__PROBLEM TO WORK ON__: Starting at the line that contains "生态环境保护是功在当代、利在" and stopping at the line that contains "Kaza sebebiyle araç", transcribe every line of the material below exactly; pictures stay out.

__EXCERPTED RECORDS__:
▬▬▬

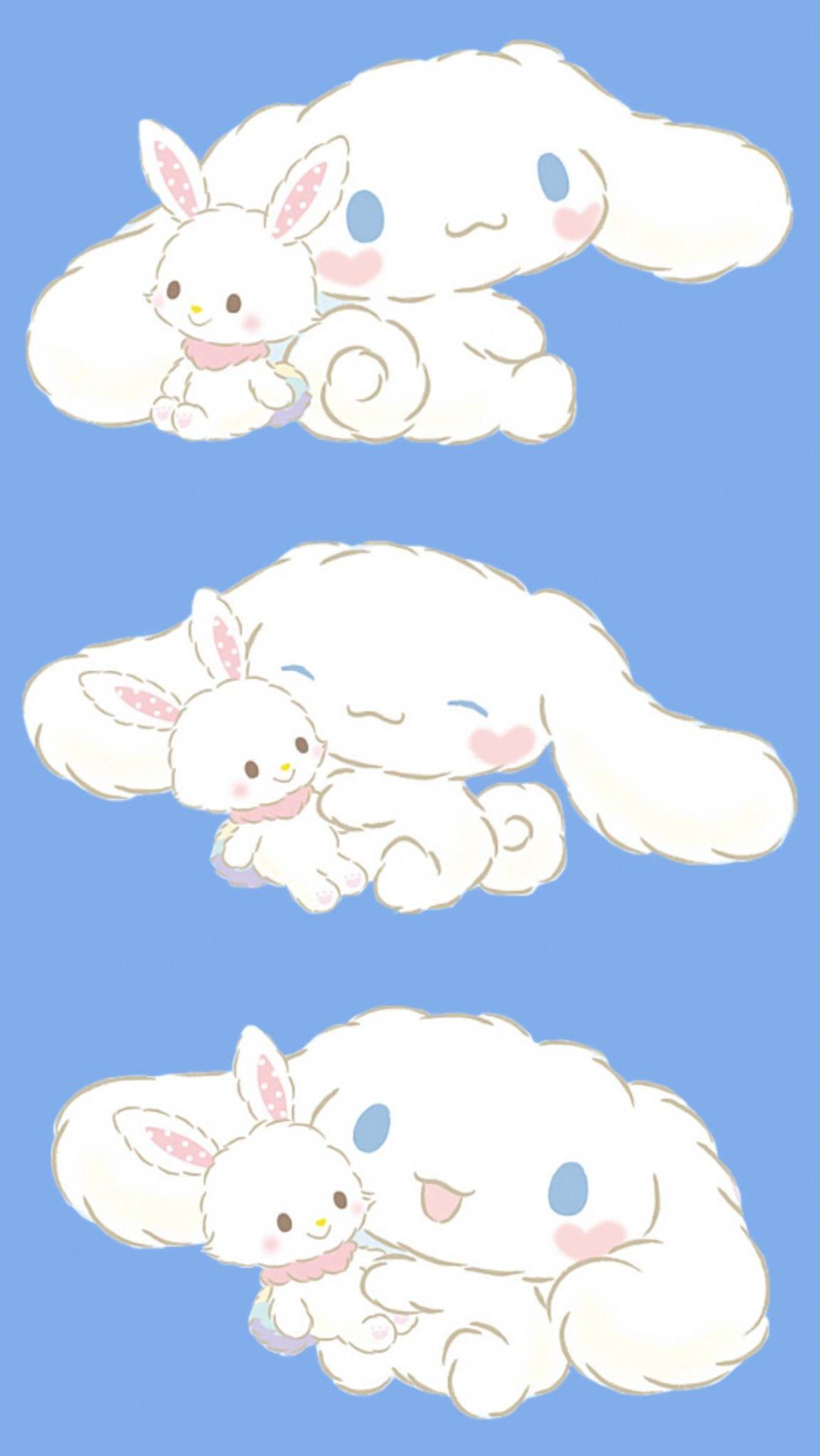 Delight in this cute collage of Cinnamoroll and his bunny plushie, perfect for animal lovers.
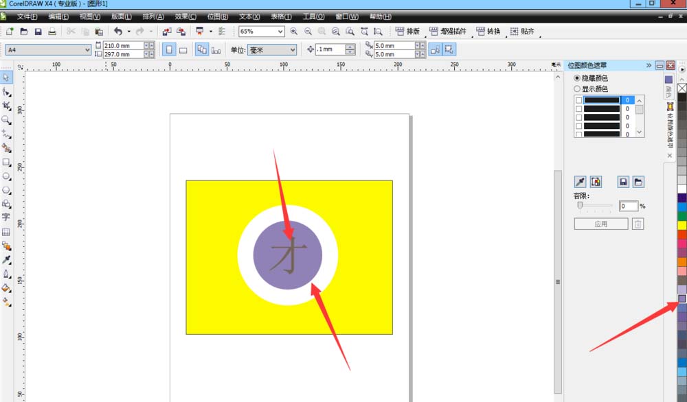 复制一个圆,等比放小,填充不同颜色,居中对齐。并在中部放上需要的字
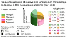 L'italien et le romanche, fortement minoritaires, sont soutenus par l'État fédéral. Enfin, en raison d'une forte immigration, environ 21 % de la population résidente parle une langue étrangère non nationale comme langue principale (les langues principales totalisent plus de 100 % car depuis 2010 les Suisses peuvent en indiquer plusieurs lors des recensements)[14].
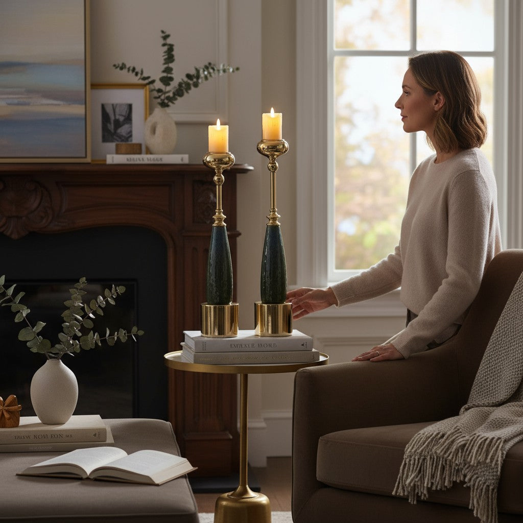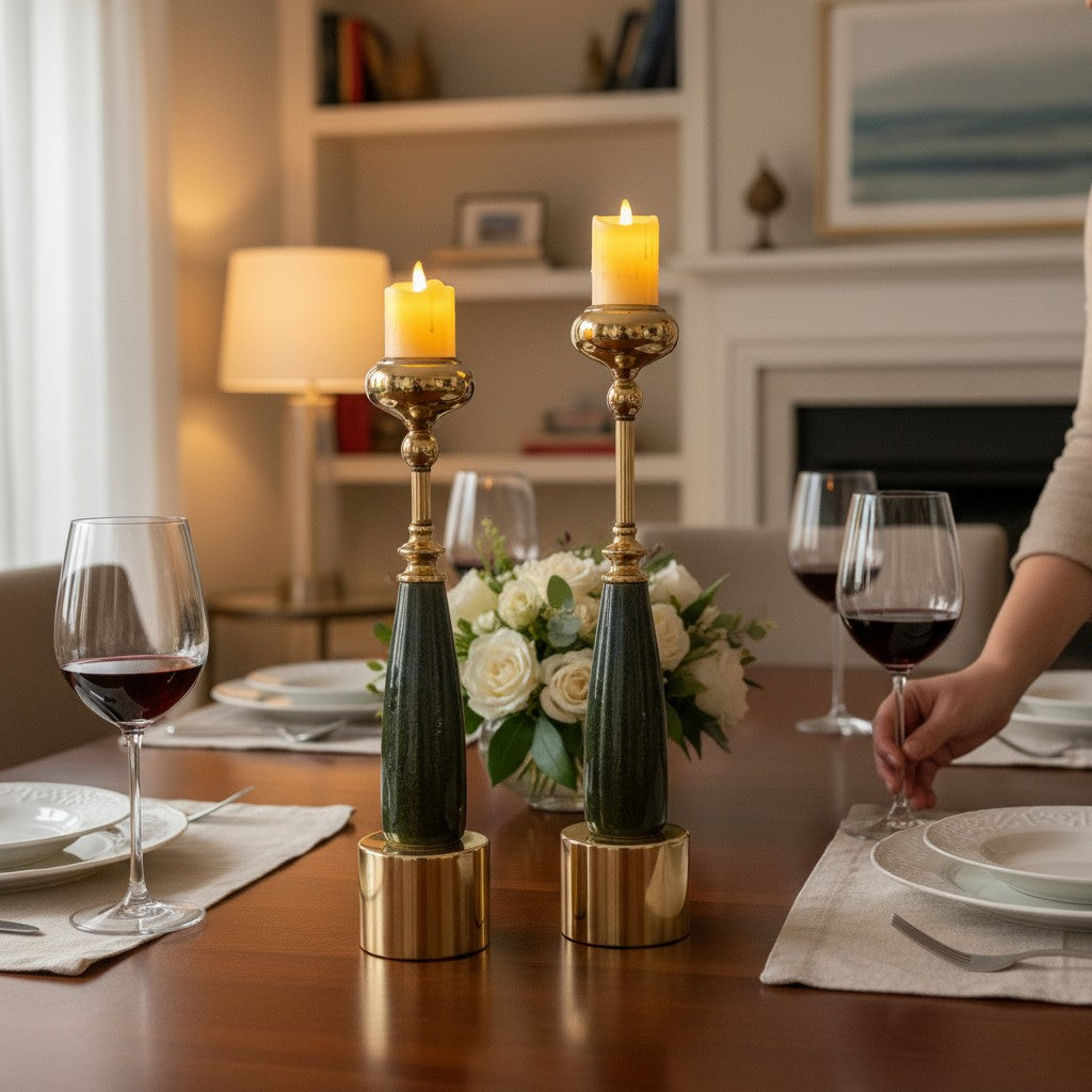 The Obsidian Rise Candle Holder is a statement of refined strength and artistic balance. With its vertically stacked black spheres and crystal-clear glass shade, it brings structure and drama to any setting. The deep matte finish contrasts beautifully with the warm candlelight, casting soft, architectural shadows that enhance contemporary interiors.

▬▬▬

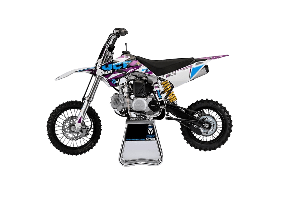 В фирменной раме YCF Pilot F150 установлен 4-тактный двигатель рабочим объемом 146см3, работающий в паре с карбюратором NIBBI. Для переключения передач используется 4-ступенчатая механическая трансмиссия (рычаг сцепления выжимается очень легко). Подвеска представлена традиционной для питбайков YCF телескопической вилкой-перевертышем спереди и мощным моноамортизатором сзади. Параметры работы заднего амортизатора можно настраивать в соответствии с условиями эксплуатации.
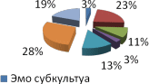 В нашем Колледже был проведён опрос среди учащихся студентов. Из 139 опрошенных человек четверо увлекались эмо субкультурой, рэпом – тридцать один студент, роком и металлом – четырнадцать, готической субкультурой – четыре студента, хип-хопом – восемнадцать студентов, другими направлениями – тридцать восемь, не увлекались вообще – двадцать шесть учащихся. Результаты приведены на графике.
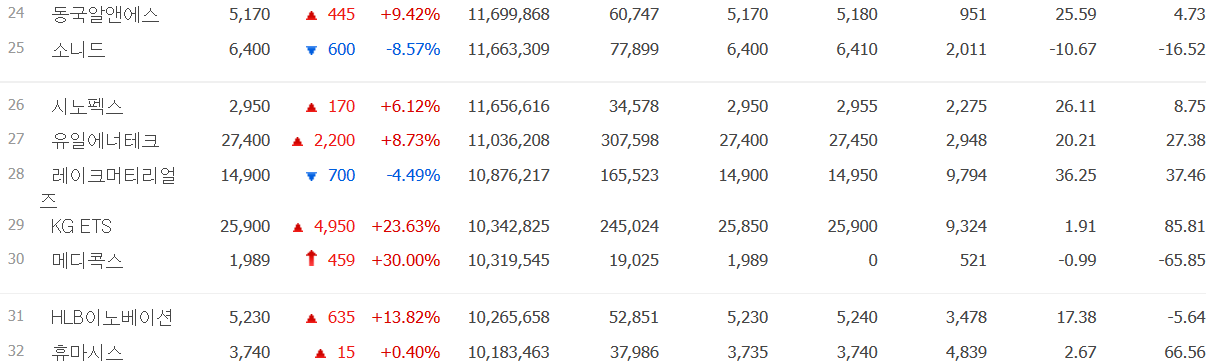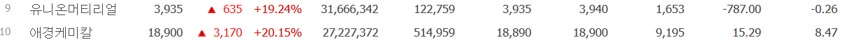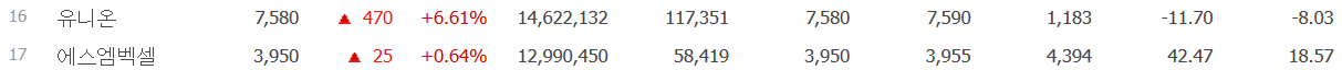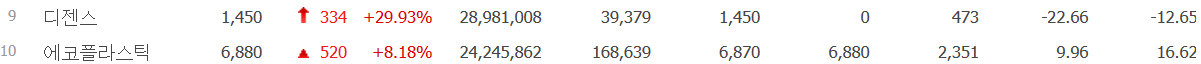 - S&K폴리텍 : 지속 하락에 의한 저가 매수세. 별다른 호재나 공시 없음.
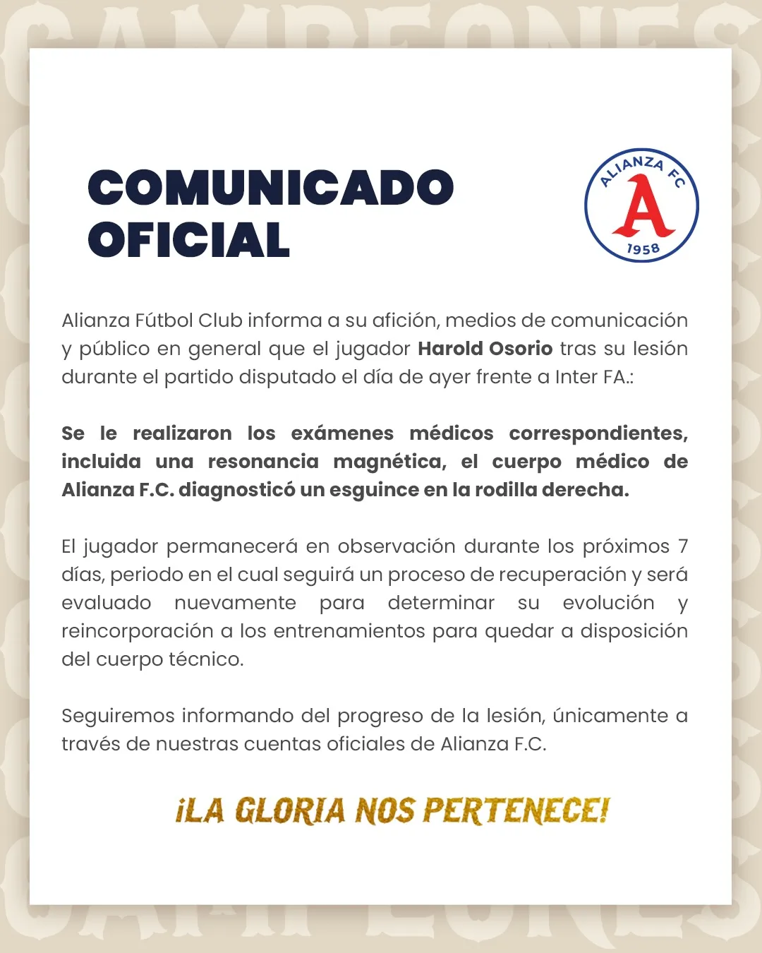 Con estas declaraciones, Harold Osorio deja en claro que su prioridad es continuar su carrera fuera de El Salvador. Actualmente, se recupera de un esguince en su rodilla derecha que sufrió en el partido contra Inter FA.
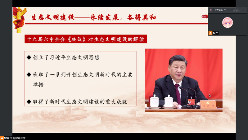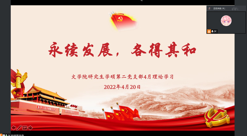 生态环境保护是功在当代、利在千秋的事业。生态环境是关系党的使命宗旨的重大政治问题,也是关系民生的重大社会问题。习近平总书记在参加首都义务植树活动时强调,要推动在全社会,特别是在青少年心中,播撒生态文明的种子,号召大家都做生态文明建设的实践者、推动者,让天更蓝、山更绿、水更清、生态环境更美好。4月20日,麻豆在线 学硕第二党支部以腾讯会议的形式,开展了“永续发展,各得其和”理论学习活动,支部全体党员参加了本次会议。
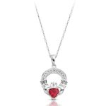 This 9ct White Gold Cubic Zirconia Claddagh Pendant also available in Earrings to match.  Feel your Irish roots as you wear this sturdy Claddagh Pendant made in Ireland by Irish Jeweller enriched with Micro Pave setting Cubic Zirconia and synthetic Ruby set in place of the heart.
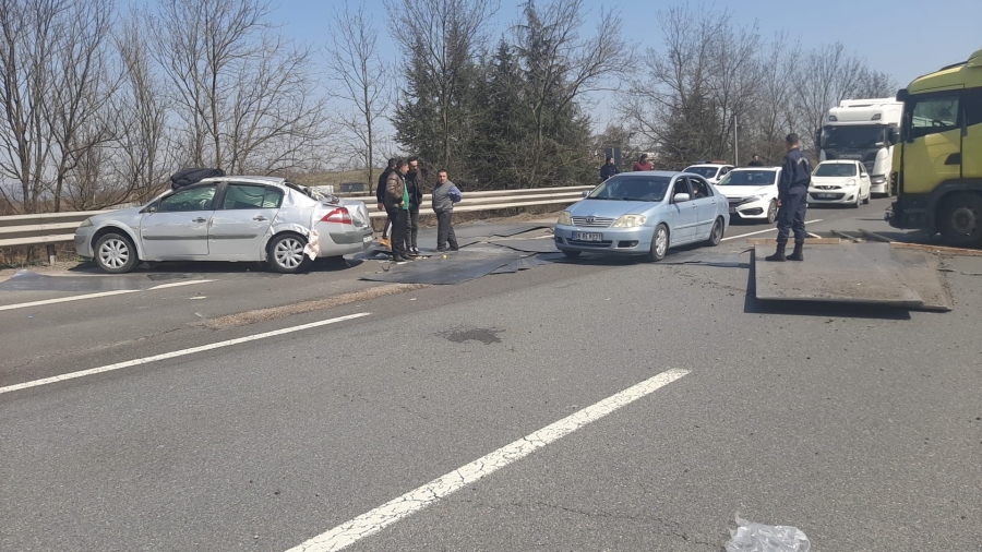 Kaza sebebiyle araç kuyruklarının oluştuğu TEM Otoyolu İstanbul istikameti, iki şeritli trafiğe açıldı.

▬▬▬

__OUTPUT BELOW__:
 生态环境保护是功在当代、利在千秋的事业。生态环境是关系党的使命宗旨的重大政治问题,也是关系民生的重大社会问题。习近平总书记在参加首都义务植树活动时强调,要推动在全社会,特别是在青少年心中,播撒生态文明的种子,号召大家都做生态文明建设的实践者、推动者,让天更蓝、山更绿、水更清、生态环境更美好。4月20日,麻豆在线 学硕第二党支部以腾讯会议的形式,开展了“永续发展,各得其和”理论学习活动,支部全体党员参加了本次会议。
 This 9ct White Gold Cubic Zirconia Claddagh Pendant also available in Earrings to match.  Feel your Irish roots as you wear this sturdy Claddagh Pendant made in Ireland by Irish Jeweller enriched with Micro Pave setting Cubic Zirconia and synthetic Ruby set in place of the heart.
 Kaza sebebiyle araç kuyruklarının oluştuğu TEM Otoyolu İstanbul istikameti, iki şeritli trafiğe açıldı.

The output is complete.